軍人として戦に参加していただけでなく、政治家としての手腕も発揮していたカエサルを紹介していく。

独裁官誕生

image by PIXTA / 12281251

カエサルの生まれた時期はいくつかの説があり学者同士で議論されているようです。

カエサルが生まれた年

カエサルの生まれた年については、二つの説があり一つはローマ伝記作者のスエトニウスが著作した皇帝伝の紀元前100年と古代ローマで法務官をしていた時から逆算して導かれた紀元前102年のどちらかとされています。

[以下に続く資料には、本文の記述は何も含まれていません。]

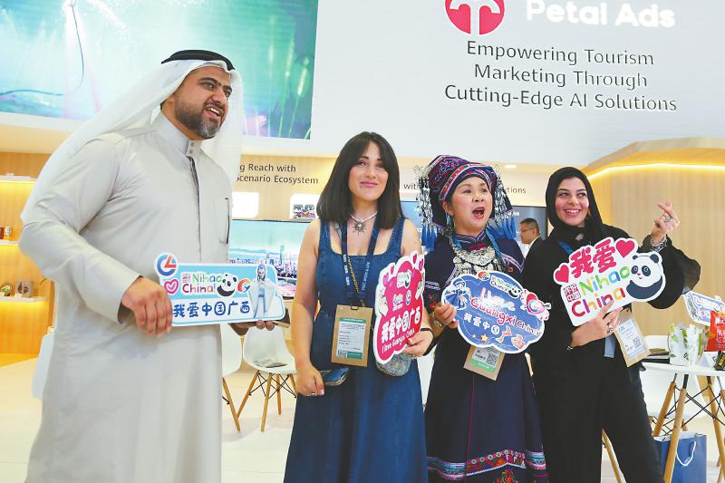 4月30日,在阿联酋迪拜举行的阿拉伯旅游展上,外国旅游商在中国展区同身着民族服装的工作人员合影。为期4天的2025年阿拉伯旅游展5月1日在阿联酋迪拜落幕。展览期间,中国展区推介的中国入境游受到关注。新华社记者 温新年 摄
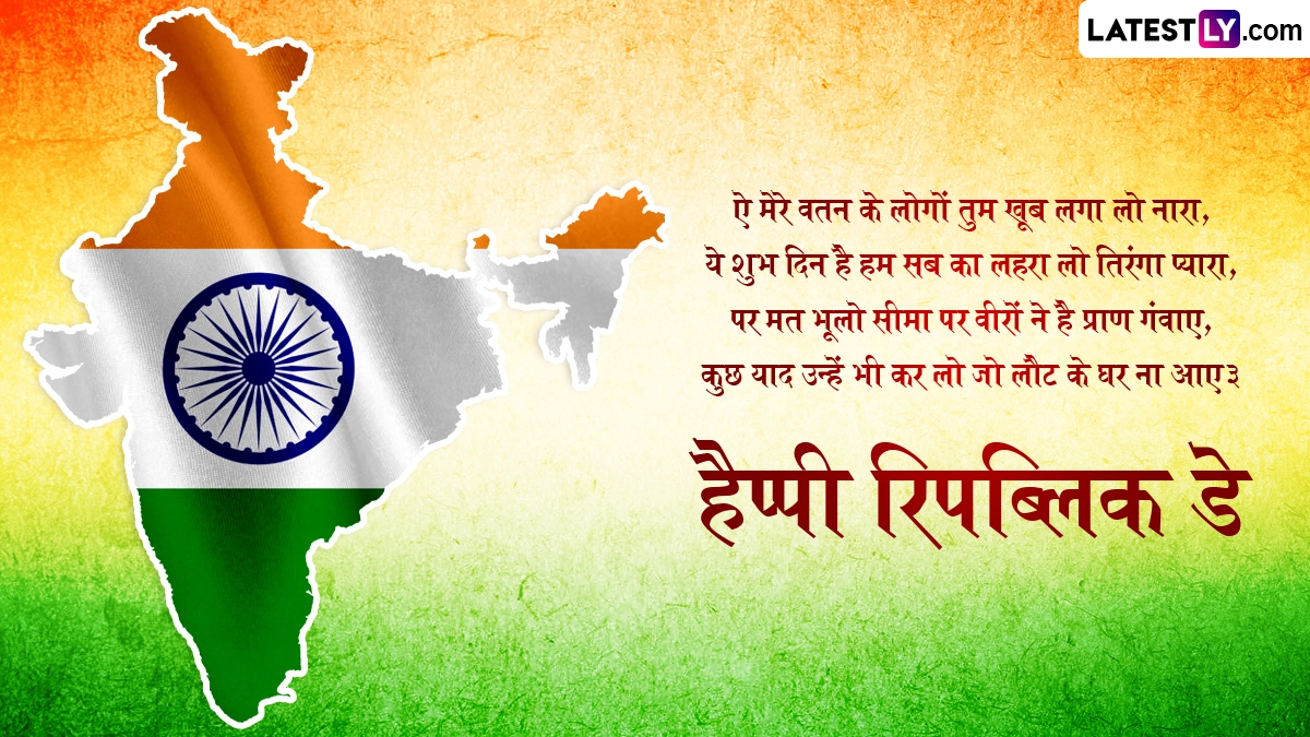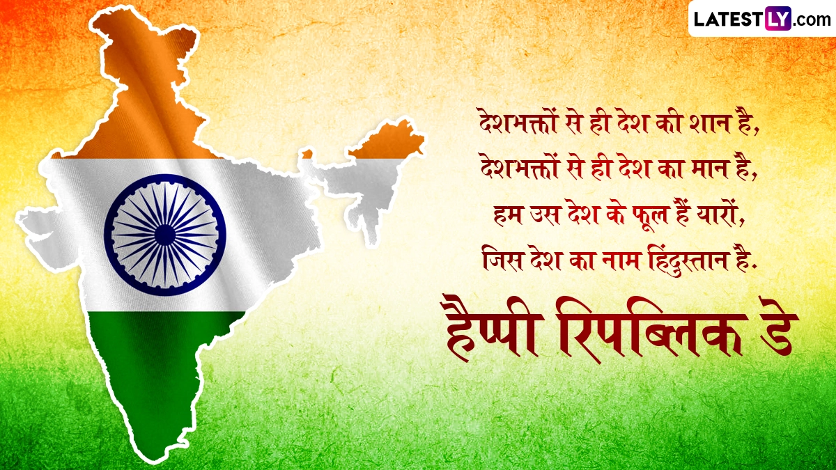 गणतंत्र दिवस का जश्न मनाने के लिए कई रंगारंग व सांस्कृतिक कार्यक्रमों का आयोजन किया जाता है. इस दिन तिरंगा फहराकर लोग इसकी आन-बान और शान को सलाम करते हैं, साथ ही एकजुट होकर एक संप्रभु राष्ट्र की भावना और आत्मा का जश्न मनाते हैं. ऐसे में 77वें गणतंत्र दिवस के इस खास अवसर पर आप इन हिंदी मैसेजेस, शायरी, वॉट्सऐप विशेज, जीआईएफ ग्रीटिंग्स, फोटो एसएमएस के जरिए अपनों से हैप्पी रिपब्लिक डे कह सकते हैं.

父は同姓同名だったようでカエサルと区別するために、大カエサルとも呼ばれていました。

父も古代ローマの法務官をしていたようで、最後は行政官として古代ローマに貢献していて母のアウレリア・コリッタで代々執政官を任されていた名家出身の血筋との間に誕生します。カエサル家の家柄についてははっきりとは判明しておらずローマ皇帝群衆像に記載のある四説のどれかとされていました。

一番有力な説がありカエサルはラテン語で切るを意味していることから、アウレリアが亡くなった後に切開して誕生したことが由縁となり名付けられたとされています。

カエサルの語源

1 戦争で像を殺害したことによる由来(像をフェニキア語でカエサイ)

2 母の死後に切開して誕生

3 最初にカエサル家を名乗った人物が毛深かった

4 灰色の瞳をしていた

争いが絶えなかった幼少時代

カエサルが誕生したとする紀元前100年から80年頃は、各地で激しい争いが繰り広げられて敵国との戦いだけでなく市民達が反旗を翻した内戦も発生していました。カエサルがどの様な幼少期を送っていたかは、ローマ著作にも詳しく書かれていないため何に接して何を学んでいたかもはっきりと分かっておりません。

派閥争いにより叔父を亡くす

争いによって国内情勢が悪化していたローマには、民衆が基盤となっている民衆派とローマの統治機関だった元老院を中心とした閥族派の二つ政治派閥が対立していました。民衆派にはマリウスが閥族派にはルキウス・コルネリウス・スッラで、カエサルは民衆派に属していきます。

互いの関係が徐々に悪化していき戦いによって優劣を決めていくことになり、共和政ローマとポントス王国との行われたミトリダテス戦争で両派閥に討伐命令が下っていきました。この命令に納得していなかったスッラは勝手にローマへ帰還。

汚名を晴らすべく奮闘したマリウスがルキウス・コルネリウス・キンナと手を結びローマを制圧するためにスッラの支持者を国家の敵として粛清していきました。しかし粛清した際に閥族派にいたカエサルの叔父にあたるルキウスが犠牲となってしまいます。